Wednesday, June 17, 2020

More decay in West Jackson: Bailey, Gallatin, Louise, and Neatum Streets

Dear Readers, after some exploring in the great US West, it is time to turn our attention again to Jackson, Mississippi. This will be the first of several posts dealing with the state capital. You can see older articles by typing "Jackson" in the search box.

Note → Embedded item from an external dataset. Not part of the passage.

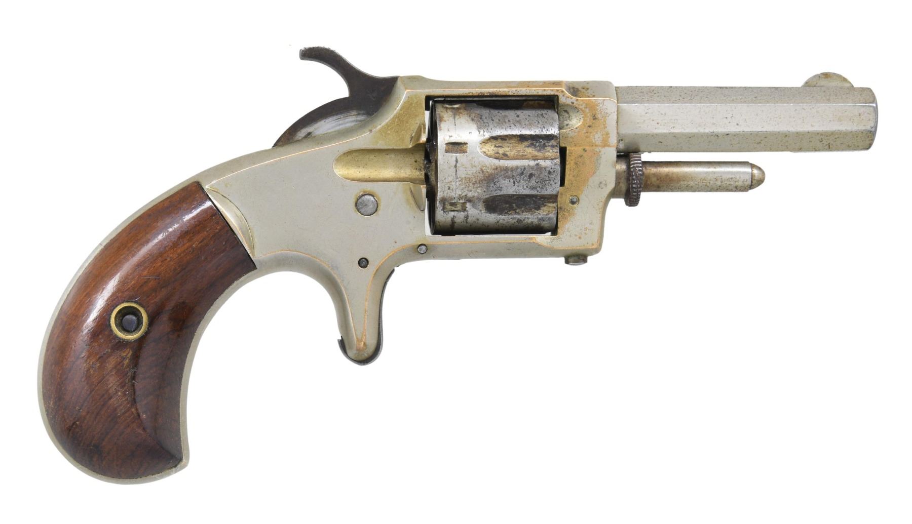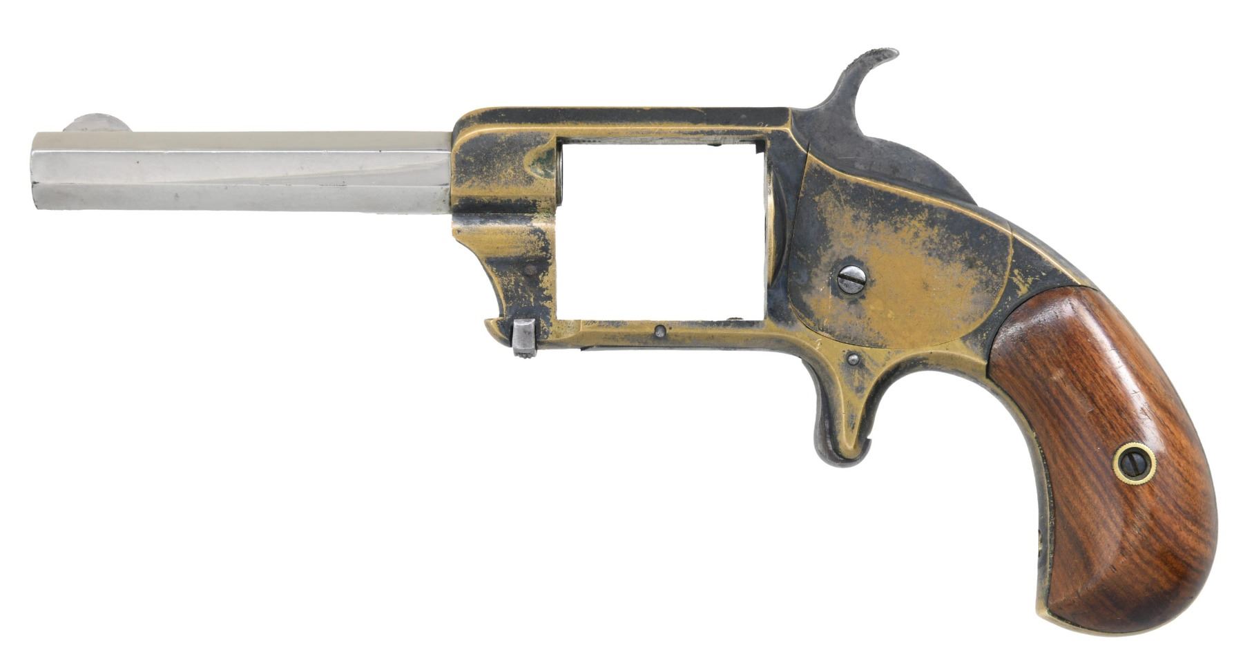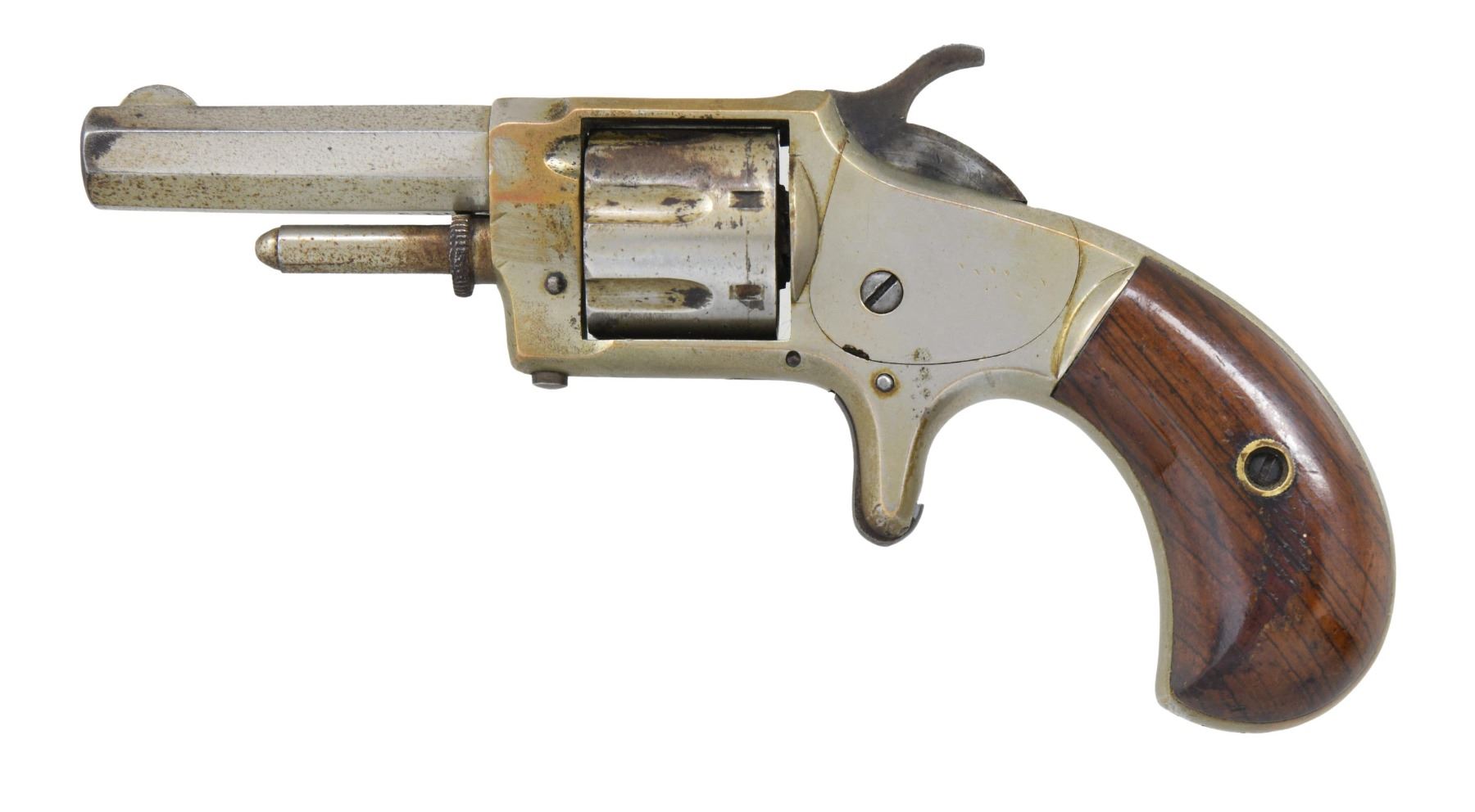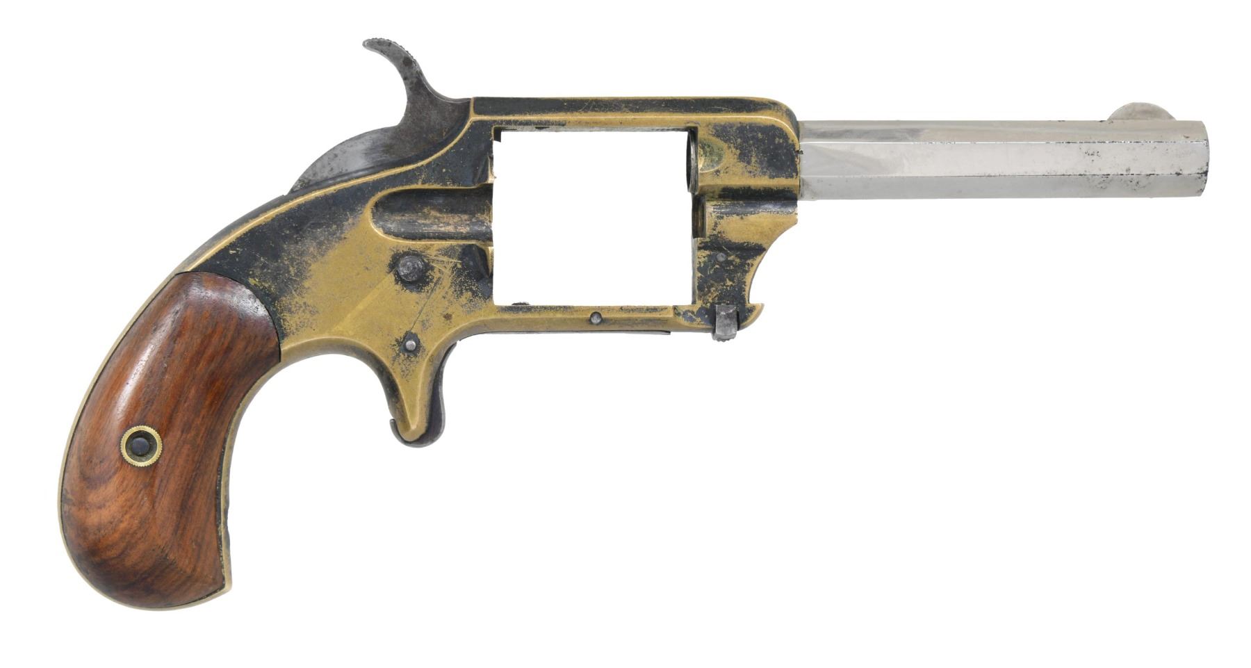 This lot consists of the following revolvers: 1) WHITNEYVILLE NO. 1 Cal. 30 RF. S# 16929. Bbl. 3 3/8". Round blade front sight. Fixed rear sight. Brass frame. Renickeled bbl. Cyl. & ejector rod assemblies missing. Smooth hardwood grips. CONDITION: grips show scattered varnish & handling marks. Bbl. retains most of its renickeled finish with markings appearing faint, scattered oxidation & flaking. Frame is a yellow patina with scattered flaking & oxidation staining. Hammer & trigger are sluggish when hand cycled. Bore shows scattered oxidation but evident rifling. (01-26228/MJC). 2) WHITNEYVILLE NO. 1 SA REVOLVER. Cal. 22 RF. S# 4516A. Bbl. 2 3/8". Round blade front sight. Fixed rear sight. Nickel finish. Smooth hardwood grips. CONDITION: grips have added varnish with some flaking & handling marks. Metal shows scattered flaking, oxidation & varnish overrun. Action appears to function when hand cycled. Pitted worn bore. (01-26229/MJC). BOTH ANTIQUE. $150-250 for pair.
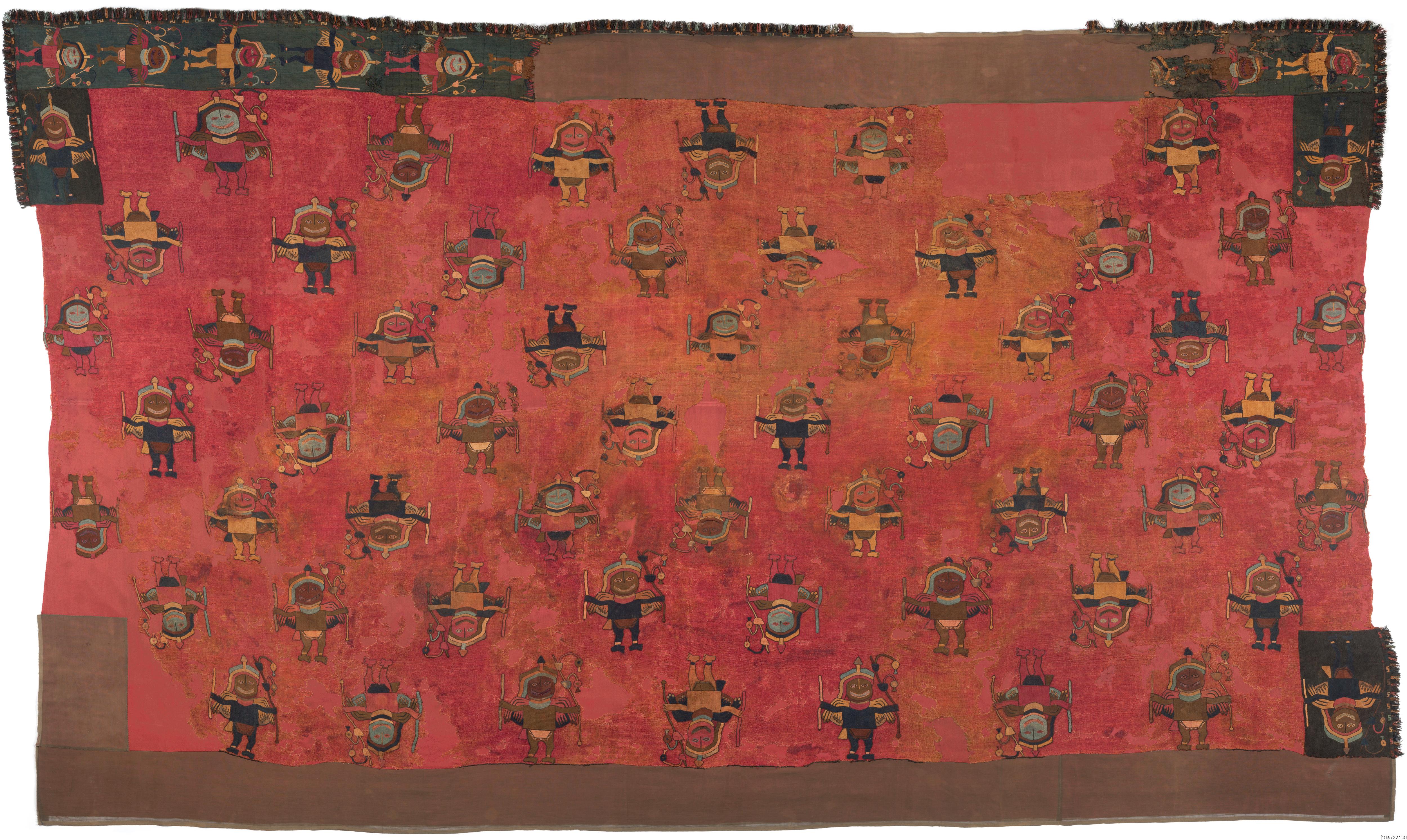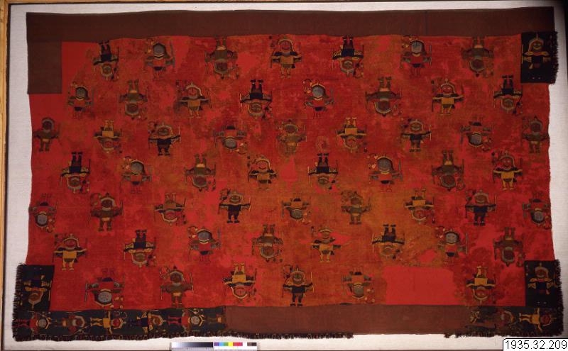 The border and middle part of this mantle are woven with different thread counts, but the embroidered stitches cover equal numbers of threads in the fabric, with the result that the border and middle part have differently sized embroidered figures.

West Jackson is rough. Regular readers know I have been documenting abandoned houses and closed businesses for many years. This group of photographs is from a gloomy day in 2016 when I drove along Bailey Avenue and on some of the side streets.

Bailey Avenue

Eddie's Soul Food, 2853 Bailey Ave., Jackson, Mississippi
2855 Bailey Ave., Jackson
Bailey Ave. runs north-south and carries a lot of traffic. Many businesses and buildings are run-down or empty.
Warehouse, 2720 Bailey Avenue, Jackson
This big warehouse at 2720 Bailey Ave was empty and no longer secure. I do not know what business was formerly here, but the building is reasonably modern. The tile on the inner hall was glazed brick, similar to what you see in subway stations.

Louis Street

1044 Louis Street, Jackson
1040 Louis Street, Jackson
1036 Louis Street, Jackson

Louis is a short side street that merges into Bailey Ave. and Gaddis Street. When I was there, it looked like most of the cottages along the street were empty or burned.

Neatum Street

Asbestos shingle-clad duplex, 1101 Neatum Street, Jackson
Stucco or plaster duplex, 1010 Neatum Street, Jackson
Wood clapboard sided duplex, 1015 Neatum Street, Jackson
Interior of 1015 Neatum Street, Jackson

Neatum Street, one block north of Lewis, also was lined with empty and abandoned houses. In one house, it looked like the last tenants abruptly departed, abandoning clothes and other possessions.

180 N. Gallatin Street, Jackson
197 N. Gallatin Street, Jackson
189 N. Gallatin Street, Jackson

Drive south on Bailey and at Monument Street, the road makes a jog to the left and turns into North Gallatin Street. This was formerly an industrial area but is now run-down with closed businesses and empty warehouses. The road surface is rutted, and water seeps out of leaking pipes onto the sidewalks. Dude-mobiles rattle by with thumping rap music. Not a scene to inspire new businesses to relocate here.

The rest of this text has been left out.